基于时空建模的行为识别研究

CASIA OpenIR > 毕业生 > 硕士学位论文

	基于时空建模的行为识别研究
	罗锦钊
	2023-06
页数	61
学位类型	硕士
中文摘要	随着计算机算力提升和视频数据量的迅速增长，智能视频分析成为了计算机视觉的一个重要研究方向。人体行为识别作为其中一个子方向，在人机交互、虚拟现实、视频分析、智能监控和健康养老等领域具有广泛的应用前景。最近，行为识别领域中的深度学习方法发展迅速，但无论是基于 RGB 视频的行为识别还是基于骨架的行为识别都存在一定不足。RGB 视频行为识别使用深度神经网络，如循环神经网络、卷积神经网络等，或 Transformer 架构提取视频中的时空信息。然而，这类方法容易受到复杂背景、光照条件等环境因素影响，还存在输入数据信息冗余和时空上下文关系建模不足等问题。
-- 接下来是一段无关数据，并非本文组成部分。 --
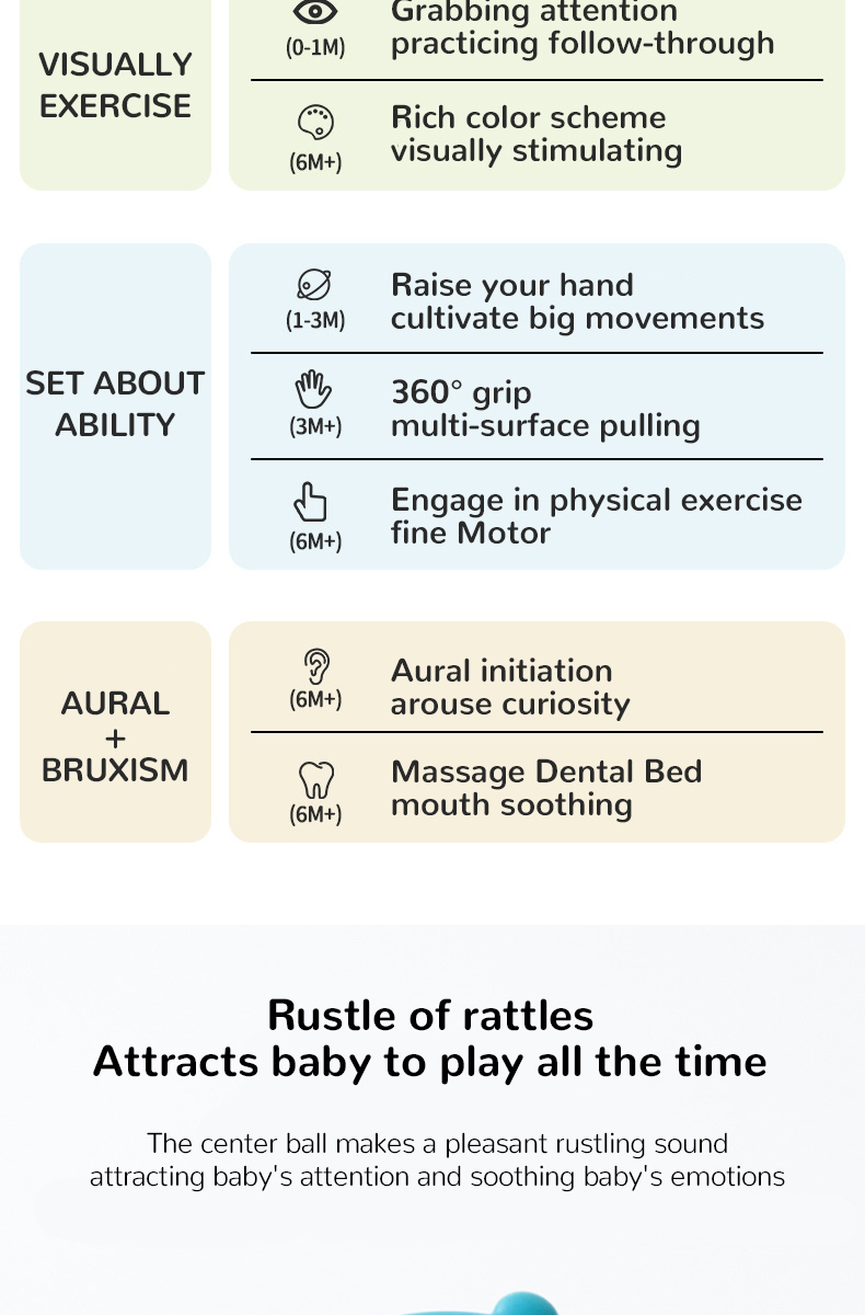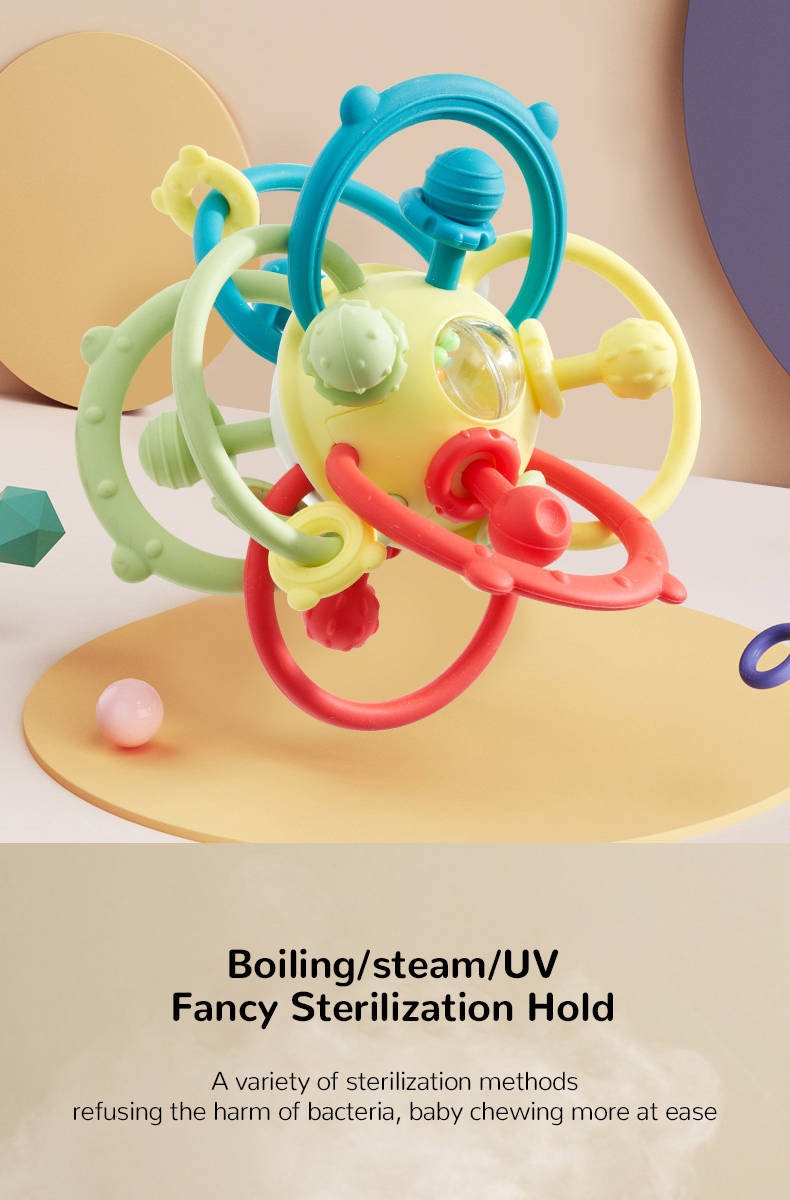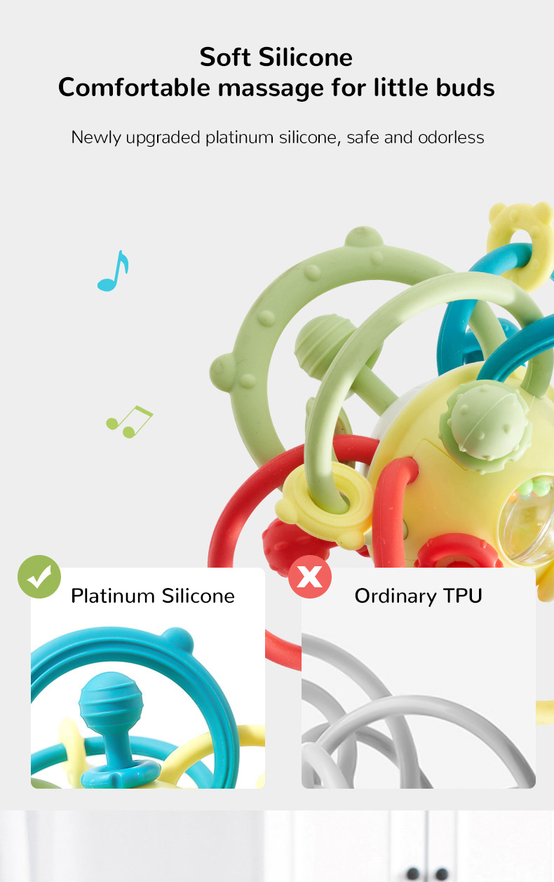 Infant Teething Relief Chew Toy Newborn Easy Grasp Ball Teether Developmental Activity Sensory Silicone Rattles Baby Toys

随着传感器的不断发展，人体骨架数据作为一种紧凑高效的人体结构表达形式逐渐成为行为识别的重要基础数据之一。基于骨架的行为识别能够避免复杂背景的影响，在时空特征表达方面更加高效，但其对局部动作特征建模和远距离关节点关系表达不足。因此，本文旨在探索行为的局部特征建模和时空关系建模。主要研究工作和贡献如下： (1) 针对当前骨架行为识别方法对局部动作特征的建模能力不足以及对行为空间关系表示不充分的问题，提出了基于时间通道拓扑增强卷积网络的骨架行为识别方法。该网络利用通道注意力增加关键节点和关节在分类中的权重，引入通道距离矩阵动态建模不同动作下的远距离节点关系，以构建鲁棒的局部动作特征表示，提高行为识别准确率。所提方法在骨架行为识别数据集 NTU RGB+D、 NTU RGB+D 120 和 FineGym 上进行了评估，与现有方法相比显示出优越的性能。 (2) 针对 RGB 视频输入信息冗余，以及复杂行为场景上下文信息建模不足的问题，提出了基于时间差分融合卷积网络的行为识别与检测方法。时间差分卷积卷积网络使用双流架构分别提取表观静态信息和行为运动信息；利用时间差分模块对行为交互区域的行为表观信息进行建模，减少输入信息冗余；引入通道融合注意力模块提取时空行为特征，并建模行为-场景上下文关系；基于 YOLO 检测框架实现行为识别与检测。在 UCF101-24、J-HMDB-21 和 AVA 数据集验证模型的有效性，准确率分别达到了 82.1%，78.1%，18.8%。这两项研究的重点是基于卷积神经网络对时空行为特征进行建模。其中，第一项研究强调局部动作特征的建模，是实现复杂行为识别的基础，所使用的骨架数据模态可以作为第二项研究中使用的 RGB 模态的扩展和补充。第二项研究专注于复杂行为的时空上下文关系建模，其模块化设计结构能够集成不同的模态，增强模型的时空特征建模能力，提高视频行为识别的准确性。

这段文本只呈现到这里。